* Recorded information:
☆ ☆ ☆
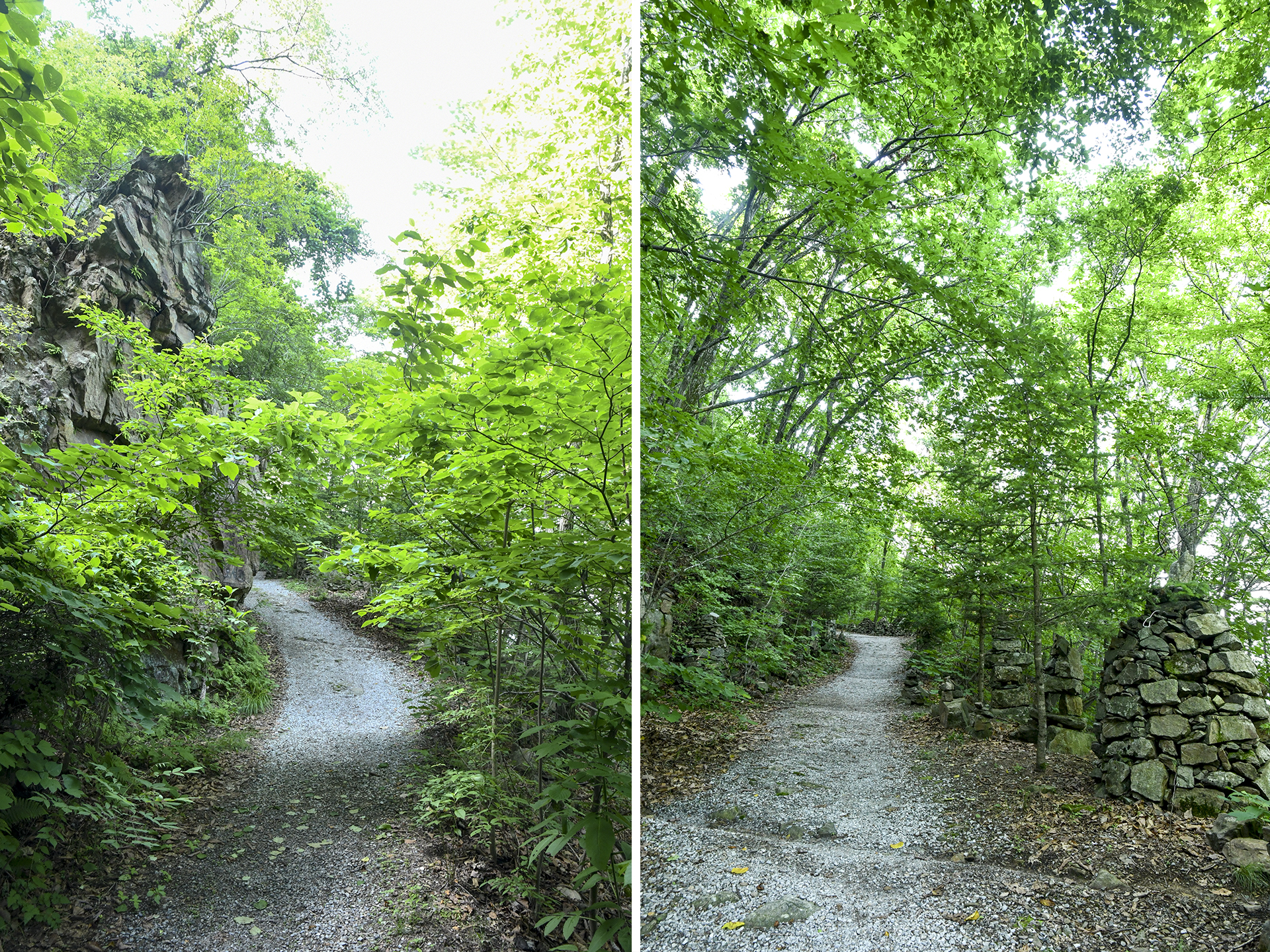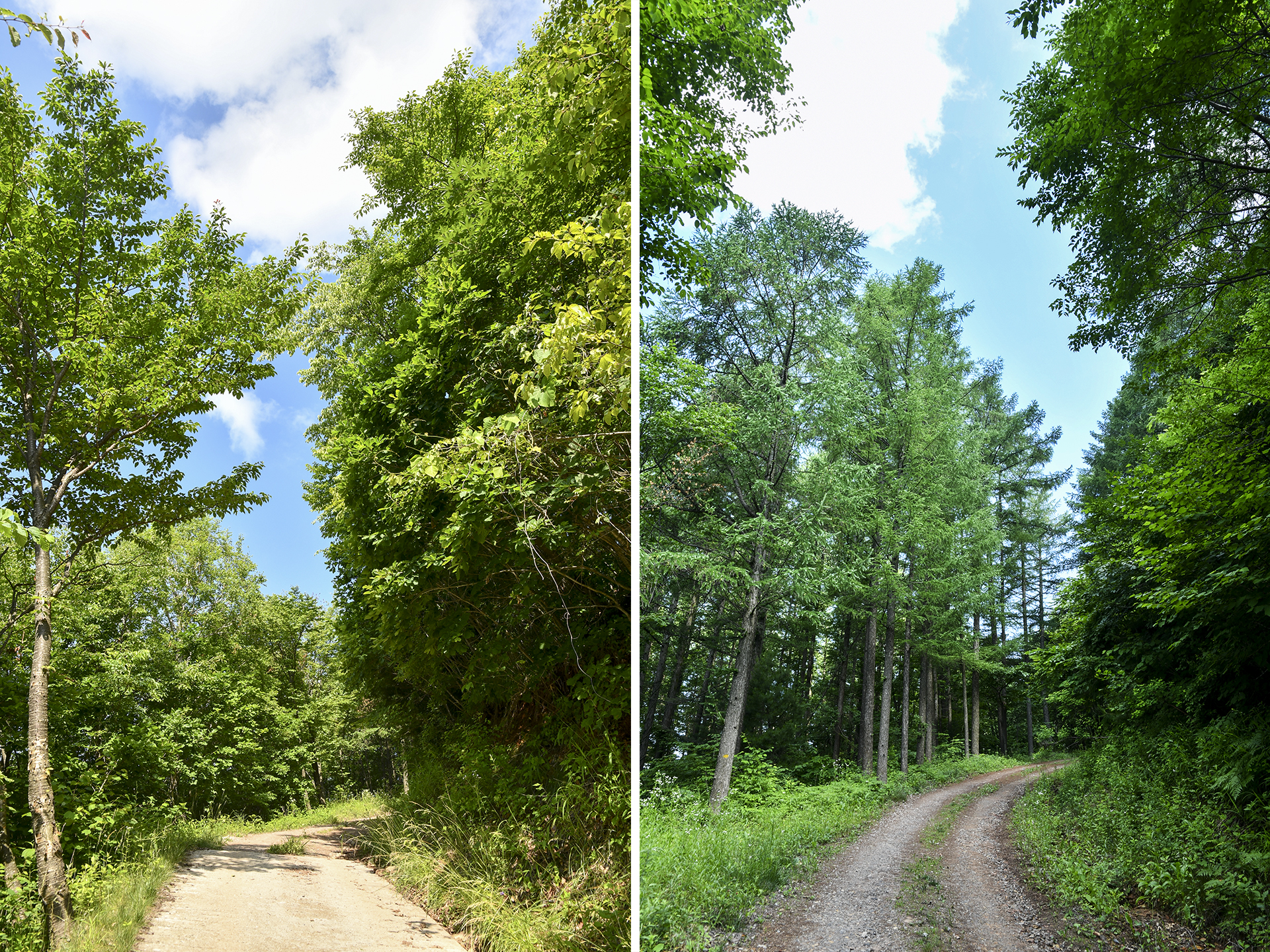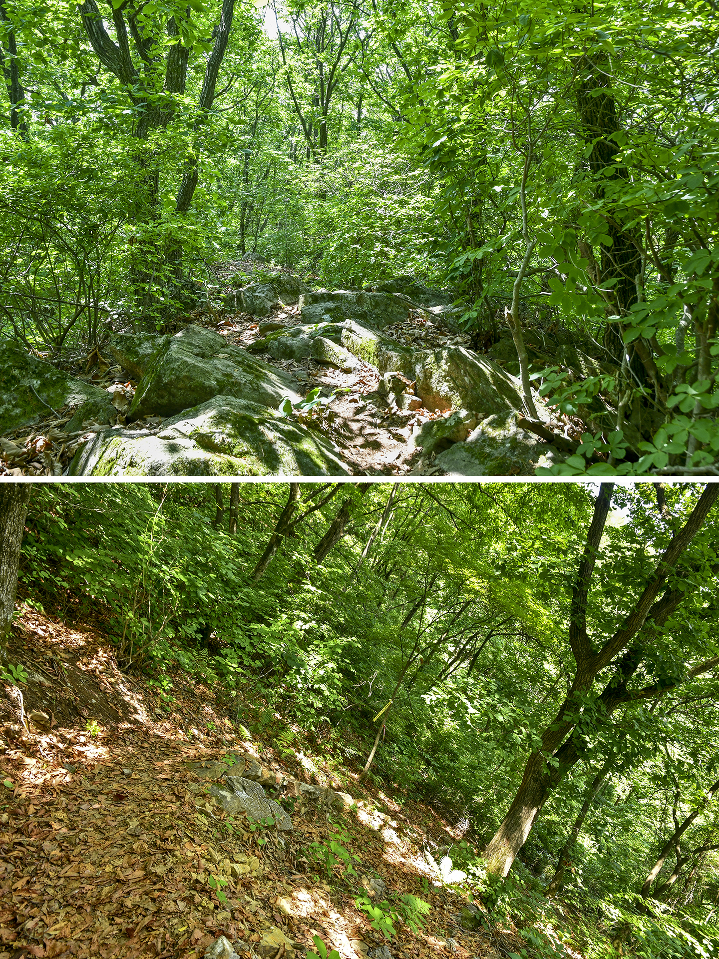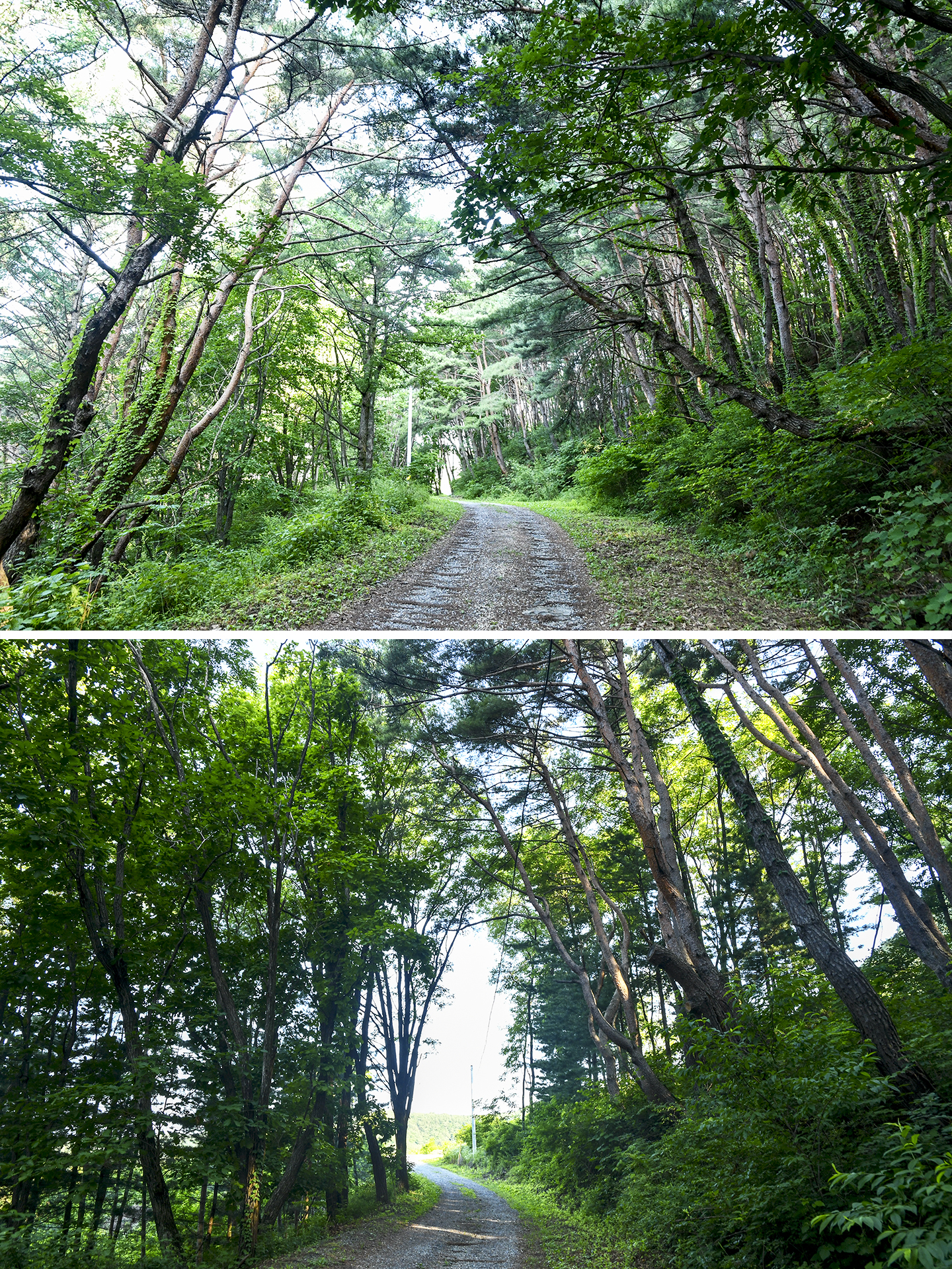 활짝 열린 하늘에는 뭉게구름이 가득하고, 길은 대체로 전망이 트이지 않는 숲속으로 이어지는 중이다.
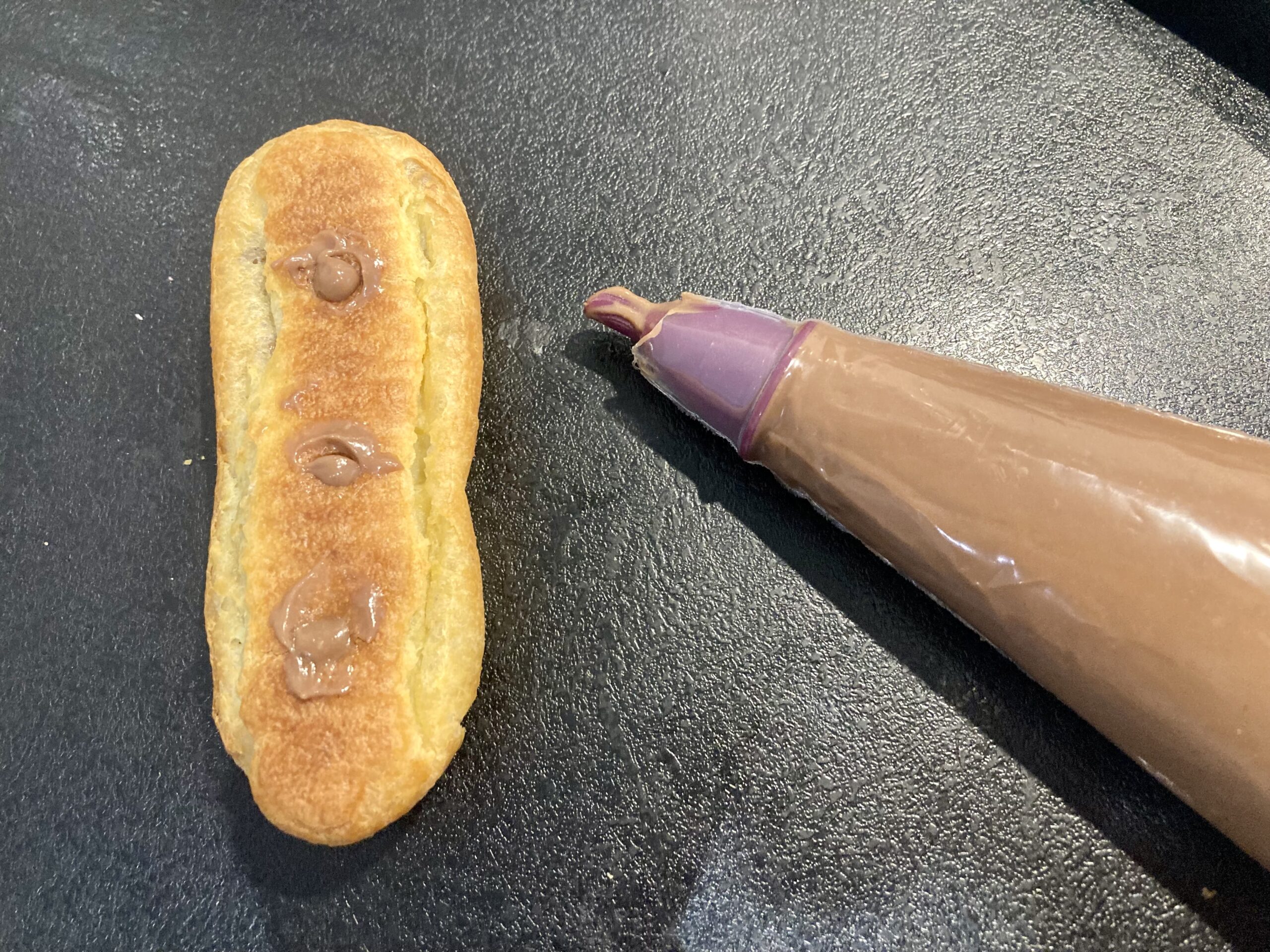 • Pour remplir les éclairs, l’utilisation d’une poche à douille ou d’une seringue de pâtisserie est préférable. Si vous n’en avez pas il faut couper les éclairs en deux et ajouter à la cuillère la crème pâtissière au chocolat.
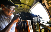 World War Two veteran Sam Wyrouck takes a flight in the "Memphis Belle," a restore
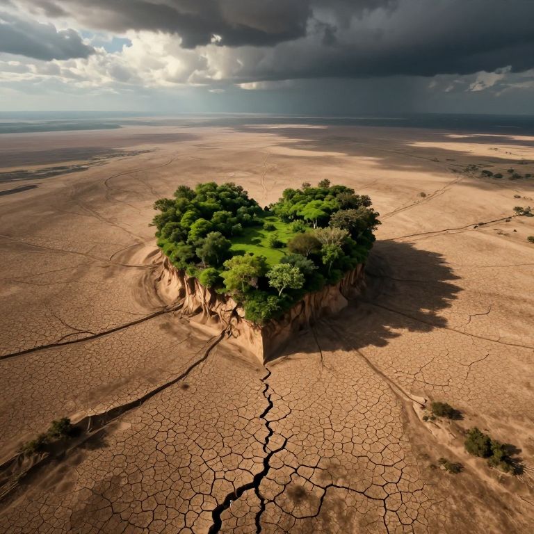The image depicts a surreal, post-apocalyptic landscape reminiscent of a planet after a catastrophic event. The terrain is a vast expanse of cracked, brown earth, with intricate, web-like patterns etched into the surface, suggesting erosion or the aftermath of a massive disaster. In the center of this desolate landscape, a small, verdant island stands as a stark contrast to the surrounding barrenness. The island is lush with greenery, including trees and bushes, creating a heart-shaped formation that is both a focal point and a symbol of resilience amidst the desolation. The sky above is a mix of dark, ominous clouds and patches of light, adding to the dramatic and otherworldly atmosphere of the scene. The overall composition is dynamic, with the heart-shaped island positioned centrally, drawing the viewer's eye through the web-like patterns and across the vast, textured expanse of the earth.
☆ ☆ ☆
* What you need to do:
All of the material shown above needs to be duplicated exactly. Omit every picture.

* Output below:
 활짝 열린 하늘에는 뭉게구름이 가득하고, 길은 대체로 전망이 트이지 않는 숲속으로 이어지는 중이다.
 • Pour remplir les éclairs, l’utilisation d’une poche à douille ou d’une seringue de pâtisserie est préférable. Si vous n’en avez pas il faut couper les éclairs en deux et ajouter à la cuillère la crème pâtissière au chocolat.
 World War Two veteran Sam Wyrouck takes a flight in the "Memphis Belle," a restore
The image depicts a surreal, post-apocalyptic landscape reminiscent of a planet after a catastrophic event. The terrain is a vast expanse of cracked, brown earth, with intricate, web-like patterns etched into the surface, suggesting erosion or the aftermath of a massive disaster. In the center of this desolate landscape, a small, verdant island stands as a stark contrast to the surrounding barrenness. The island is lush with greenery, including trees and bushes, creating a heart-shaped formation that is both a focal point and a symbol of resilience amidst the desolation. The sky above is a mix of dark, ominous clouds and patches of light, adding to the dramatic and otherworldly atmosphere of the scene. The overall composition is dynamic, with the heart-shaped island positioned centrally, drawing the viewer's eye through the web-like patterns and across the vast, textured expanse of the earth.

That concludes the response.